Interval estimates constructed to achieve a specified coverage are called “confidence intervals”; the coverage is interpreted and reported as a “confidence level”.

# ingredients
cholesterol.mean <- mean(cholesterol)
cholesterol.sd <- sd(cholesterol)
cholesterol.n <- length(cholesterol)
cholesterol.se <- cholesterol.sd/sqrt(cholesterol.n)
crit.val <- qt(1 - (1 - 0.95)/2, df = cholesterol.n - 1)

# interval
cholesterol.mean + c(-1, 1)*crit.val*cholesterol.se
[1] 5.005566 5.080310

With 95% confidence, the mean total cholesterol among U.S. adults is estimated to be between 5.0056 and 5.0803 mmol/L.

The general formula for a confidence interval for the population mean is

\[ \bar{x} \pm c\times SE(\bar{x}) \]

where \(c\) is a critical value, obtained as a quantile of the \(t_{n - 1}\) model and chosen to ensure a specific coverage.

Recap

The “common” interval estimate for the mean is actually an approximate 95% confidence interval:

\[ \bar{x} \pm 2 \times SE(\bar{x}) \]

  • captures the population mean \(\mu\) for roughly 95% of random samples

  • replacing 2 with a \(t_{n - 1}\) quantile allows the analyst to adjust coverage

  • the \(t_{n - 1}\) model is an approximation for the sampling distribution of \(\frac{\bar{x} - \mu}{SE(\bar{x})}\)
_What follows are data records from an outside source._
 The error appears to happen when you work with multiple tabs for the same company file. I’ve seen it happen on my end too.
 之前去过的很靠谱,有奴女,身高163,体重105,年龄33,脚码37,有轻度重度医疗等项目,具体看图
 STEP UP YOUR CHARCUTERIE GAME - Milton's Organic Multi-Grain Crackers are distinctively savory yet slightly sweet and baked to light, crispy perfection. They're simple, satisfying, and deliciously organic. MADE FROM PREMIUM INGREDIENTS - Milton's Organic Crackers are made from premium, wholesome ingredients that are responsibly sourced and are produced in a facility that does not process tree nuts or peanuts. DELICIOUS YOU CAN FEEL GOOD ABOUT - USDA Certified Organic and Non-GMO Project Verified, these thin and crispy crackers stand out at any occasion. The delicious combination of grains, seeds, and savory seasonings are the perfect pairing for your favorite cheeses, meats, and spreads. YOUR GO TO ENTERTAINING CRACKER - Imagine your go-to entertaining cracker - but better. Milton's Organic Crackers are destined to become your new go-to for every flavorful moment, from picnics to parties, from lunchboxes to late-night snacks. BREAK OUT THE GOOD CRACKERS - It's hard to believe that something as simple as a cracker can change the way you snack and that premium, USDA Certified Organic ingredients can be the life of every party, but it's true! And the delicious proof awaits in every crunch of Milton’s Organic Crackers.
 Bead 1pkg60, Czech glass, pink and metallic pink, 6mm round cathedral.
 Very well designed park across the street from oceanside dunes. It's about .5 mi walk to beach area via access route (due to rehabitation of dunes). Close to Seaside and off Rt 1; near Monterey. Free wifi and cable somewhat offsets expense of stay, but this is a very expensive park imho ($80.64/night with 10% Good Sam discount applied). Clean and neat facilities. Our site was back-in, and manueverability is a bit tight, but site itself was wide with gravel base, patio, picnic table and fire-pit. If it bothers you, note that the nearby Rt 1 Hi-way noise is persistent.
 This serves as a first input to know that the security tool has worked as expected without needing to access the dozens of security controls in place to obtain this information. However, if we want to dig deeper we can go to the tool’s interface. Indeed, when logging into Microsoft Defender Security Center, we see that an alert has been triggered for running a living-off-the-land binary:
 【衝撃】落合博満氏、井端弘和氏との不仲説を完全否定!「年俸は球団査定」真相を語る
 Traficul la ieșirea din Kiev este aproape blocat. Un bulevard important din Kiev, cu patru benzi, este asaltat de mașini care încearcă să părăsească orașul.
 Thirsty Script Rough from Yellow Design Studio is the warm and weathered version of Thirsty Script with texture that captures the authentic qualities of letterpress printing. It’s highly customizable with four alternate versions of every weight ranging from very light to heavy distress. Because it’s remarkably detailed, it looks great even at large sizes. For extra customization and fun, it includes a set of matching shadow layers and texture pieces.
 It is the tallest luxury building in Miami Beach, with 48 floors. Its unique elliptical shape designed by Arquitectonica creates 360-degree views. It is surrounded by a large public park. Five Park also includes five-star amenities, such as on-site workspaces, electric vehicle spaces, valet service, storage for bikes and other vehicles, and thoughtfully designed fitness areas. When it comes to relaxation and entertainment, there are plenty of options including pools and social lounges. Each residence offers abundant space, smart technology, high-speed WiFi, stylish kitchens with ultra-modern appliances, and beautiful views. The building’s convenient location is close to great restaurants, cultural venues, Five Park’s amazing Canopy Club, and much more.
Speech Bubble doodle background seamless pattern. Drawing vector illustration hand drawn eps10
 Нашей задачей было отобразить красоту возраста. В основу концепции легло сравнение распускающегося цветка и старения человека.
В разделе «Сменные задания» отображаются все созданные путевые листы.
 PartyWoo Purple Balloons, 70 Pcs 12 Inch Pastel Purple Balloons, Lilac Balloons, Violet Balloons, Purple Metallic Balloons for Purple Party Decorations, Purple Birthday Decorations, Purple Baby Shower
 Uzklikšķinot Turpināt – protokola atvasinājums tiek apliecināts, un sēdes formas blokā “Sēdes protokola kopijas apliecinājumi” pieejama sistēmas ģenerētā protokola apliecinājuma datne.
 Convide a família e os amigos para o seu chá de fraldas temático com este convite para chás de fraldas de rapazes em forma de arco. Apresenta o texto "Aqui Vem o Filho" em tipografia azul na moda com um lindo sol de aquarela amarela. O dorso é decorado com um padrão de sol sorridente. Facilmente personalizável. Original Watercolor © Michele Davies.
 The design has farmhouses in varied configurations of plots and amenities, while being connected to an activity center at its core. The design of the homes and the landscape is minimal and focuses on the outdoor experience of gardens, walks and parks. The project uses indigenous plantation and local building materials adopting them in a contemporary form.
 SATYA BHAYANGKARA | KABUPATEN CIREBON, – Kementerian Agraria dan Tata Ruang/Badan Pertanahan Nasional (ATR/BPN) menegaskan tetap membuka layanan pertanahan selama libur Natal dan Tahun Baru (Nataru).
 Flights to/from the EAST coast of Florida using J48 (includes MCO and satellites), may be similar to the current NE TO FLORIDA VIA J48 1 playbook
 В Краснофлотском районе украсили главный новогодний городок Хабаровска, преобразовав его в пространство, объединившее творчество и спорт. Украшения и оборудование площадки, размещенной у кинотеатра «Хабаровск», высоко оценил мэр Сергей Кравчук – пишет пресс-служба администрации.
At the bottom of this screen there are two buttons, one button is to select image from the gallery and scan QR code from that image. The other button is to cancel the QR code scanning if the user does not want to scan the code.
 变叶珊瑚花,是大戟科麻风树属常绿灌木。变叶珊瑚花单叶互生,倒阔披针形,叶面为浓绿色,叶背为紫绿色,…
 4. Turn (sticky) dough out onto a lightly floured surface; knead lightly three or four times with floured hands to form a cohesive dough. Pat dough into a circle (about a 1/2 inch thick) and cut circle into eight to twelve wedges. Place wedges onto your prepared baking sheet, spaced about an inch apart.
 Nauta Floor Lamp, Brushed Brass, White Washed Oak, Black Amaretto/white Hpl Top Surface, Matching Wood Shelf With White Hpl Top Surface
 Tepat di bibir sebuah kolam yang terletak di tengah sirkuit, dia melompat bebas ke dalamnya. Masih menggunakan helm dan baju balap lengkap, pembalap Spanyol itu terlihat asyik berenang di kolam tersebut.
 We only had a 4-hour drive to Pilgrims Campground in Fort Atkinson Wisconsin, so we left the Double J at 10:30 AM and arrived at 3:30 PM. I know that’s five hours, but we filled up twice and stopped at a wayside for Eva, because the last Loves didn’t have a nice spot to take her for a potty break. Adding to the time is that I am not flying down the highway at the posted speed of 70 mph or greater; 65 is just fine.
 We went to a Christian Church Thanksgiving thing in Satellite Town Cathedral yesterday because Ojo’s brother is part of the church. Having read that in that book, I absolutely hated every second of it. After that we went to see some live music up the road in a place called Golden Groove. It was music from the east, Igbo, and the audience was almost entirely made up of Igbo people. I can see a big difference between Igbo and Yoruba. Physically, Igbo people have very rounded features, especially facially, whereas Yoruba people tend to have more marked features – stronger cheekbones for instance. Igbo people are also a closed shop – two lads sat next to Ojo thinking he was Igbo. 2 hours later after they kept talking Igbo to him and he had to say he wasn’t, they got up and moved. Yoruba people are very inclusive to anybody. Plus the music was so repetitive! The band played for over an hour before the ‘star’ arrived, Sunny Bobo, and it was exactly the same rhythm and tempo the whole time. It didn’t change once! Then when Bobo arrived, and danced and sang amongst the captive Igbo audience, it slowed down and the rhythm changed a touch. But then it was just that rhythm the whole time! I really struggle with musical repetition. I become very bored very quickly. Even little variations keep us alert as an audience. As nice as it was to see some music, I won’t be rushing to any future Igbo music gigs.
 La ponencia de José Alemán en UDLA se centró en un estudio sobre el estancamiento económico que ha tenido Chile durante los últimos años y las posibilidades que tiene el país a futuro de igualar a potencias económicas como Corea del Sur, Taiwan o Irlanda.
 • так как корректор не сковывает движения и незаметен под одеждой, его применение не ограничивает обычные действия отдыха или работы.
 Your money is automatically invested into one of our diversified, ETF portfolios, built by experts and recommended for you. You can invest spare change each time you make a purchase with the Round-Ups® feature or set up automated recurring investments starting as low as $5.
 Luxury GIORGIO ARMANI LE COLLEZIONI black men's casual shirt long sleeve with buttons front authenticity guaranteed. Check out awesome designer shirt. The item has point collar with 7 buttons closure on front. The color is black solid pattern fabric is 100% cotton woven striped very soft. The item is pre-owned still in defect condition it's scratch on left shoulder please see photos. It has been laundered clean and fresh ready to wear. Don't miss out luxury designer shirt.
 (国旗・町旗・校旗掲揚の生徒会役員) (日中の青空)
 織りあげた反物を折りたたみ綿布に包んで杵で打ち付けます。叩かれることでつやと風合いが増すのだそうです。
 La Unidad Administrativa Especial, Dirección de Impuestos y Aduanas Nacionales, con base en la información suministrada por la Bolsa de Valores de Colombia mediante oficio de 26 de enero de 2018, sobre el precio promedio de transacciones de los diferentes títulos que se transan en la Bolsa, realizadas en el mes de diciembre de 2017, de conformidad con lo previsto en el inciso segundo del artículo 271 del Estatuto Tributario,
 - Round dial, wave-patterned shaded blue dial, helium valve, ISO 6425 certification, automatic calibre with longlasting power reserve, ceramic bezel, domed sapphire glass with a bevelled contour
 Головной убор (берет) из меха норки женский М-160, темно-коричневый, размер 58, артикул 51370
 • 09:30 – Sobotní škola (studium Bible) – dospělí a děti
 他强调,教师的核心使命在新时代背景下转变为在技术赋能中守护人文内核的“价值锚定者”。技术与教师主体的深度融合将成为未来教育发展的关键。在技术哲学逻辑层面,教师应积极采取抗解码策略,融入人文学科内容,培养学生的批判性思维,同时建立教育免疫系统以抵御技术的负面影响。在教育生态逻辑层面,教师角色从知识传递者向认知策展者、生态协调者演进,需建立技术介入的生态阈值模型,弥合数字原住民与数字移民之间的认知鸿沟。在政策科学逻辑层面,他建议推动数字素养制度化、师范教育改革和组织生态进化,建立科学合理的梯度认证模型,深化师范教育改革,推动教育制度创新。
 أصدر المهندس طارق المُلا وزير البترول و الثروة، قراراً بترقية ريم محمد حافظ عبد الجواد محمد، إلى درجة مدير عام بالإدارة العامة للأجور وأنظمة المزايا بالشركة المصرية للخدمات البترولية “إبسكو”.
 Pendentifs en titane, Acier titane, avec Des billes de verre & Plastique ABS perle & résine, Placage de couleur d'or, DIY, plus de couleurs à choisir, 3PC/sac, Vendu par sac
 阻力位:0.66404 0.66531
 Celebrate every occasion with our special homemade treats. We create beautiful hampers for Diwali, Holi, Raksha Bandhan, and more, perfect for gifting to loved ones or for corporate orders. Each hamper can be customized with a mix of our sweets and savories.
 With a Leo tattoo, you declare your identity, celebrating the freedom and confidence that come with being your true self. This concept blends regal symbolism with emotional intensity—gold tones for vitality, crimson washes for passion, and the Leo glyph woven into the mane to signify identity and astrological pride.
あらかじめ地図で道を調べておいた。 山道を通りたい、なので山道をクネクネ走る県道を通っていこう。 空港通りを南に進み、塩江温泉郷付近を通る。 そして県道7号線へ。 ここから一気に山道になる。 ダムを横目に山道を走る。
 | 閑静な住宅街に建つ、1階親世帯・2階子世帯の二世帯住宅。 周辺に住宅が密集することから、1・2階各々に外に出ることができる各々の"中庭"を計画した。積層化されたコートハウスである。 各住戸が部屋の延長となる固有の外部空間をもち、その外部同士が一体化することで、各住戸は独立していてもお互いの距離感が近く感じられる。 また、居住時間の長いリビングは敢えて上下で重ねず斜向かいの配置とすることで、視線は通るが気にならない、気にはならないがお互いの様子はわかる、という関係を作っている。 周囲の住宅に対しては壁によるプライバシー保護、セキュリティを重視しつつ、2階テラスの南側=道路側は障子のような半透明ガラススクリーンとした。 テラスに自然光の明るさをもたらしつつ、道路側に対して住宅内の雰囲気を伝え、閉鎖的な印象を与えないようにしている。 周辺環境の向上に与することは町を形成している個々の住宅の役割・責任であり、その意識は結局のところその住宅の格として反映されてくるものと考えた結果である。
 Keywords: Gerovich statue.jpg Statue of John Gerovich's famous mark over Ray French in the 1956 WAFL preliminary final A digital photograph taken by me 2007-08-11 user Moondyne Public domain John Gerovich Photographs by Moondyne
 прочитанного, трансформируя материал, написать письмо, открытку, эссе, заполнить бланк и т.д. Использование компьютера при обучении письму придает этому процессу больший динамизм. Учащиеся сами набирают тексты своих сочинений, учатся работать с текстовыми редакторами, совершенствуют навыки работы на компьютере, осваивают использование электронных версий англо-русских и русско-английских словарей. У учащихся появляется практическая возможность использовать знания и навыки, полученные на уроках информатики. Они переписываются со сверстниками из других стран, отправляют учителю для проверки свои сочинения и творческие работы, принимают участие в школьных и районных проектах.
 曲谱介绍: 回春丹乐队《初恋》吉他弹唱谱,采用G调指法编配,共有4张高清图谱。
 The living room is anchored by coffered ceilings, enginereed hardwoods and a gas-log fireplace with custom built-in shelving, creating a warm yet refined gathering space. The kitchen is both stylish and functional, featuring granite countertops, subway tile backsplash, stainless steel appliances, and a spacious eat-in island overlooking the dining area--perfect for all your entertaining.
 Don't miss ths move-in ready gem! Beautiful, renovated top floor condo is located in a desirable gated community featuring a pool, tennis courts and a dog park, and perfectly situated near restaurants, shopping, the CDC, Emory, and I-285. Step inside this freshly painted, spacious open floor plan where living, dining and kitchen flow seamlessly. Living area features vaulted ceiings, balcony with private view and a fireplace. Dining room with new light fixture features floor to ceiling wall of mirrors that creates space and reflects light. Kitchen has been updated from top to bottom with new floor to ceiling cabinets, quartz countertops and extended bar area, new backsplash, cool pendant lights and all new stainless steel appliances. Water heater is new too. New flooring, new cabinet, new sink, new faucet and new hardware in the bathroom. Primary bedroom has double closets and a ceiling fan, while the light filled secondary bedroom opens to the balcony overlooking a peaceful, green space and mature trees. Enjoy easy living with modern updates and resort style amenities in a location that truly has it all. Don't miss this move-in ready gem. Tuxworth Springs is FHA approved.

    • approximation improves with increasing sample size or symmetry
    • usually good quality except in “extreme” situations

Interval interpretation:

With [XX]% confidence, the mean [population parameter] is estimated to be between [lower bound] and [upper bound] [units].

Extras

Simulation of coverage

Artificially simulating a large number of intervals provides an empirical approximation of coverage.

  • at right, 200 intervals
  • 94% cover the population mean (vertical dashed line)
  • pretty close to nominal coverage level 95%

This is also a handy way to remember the proper interpretation:

If I made a lot of intervals from independent samples, 95% of them would ‘get it right’.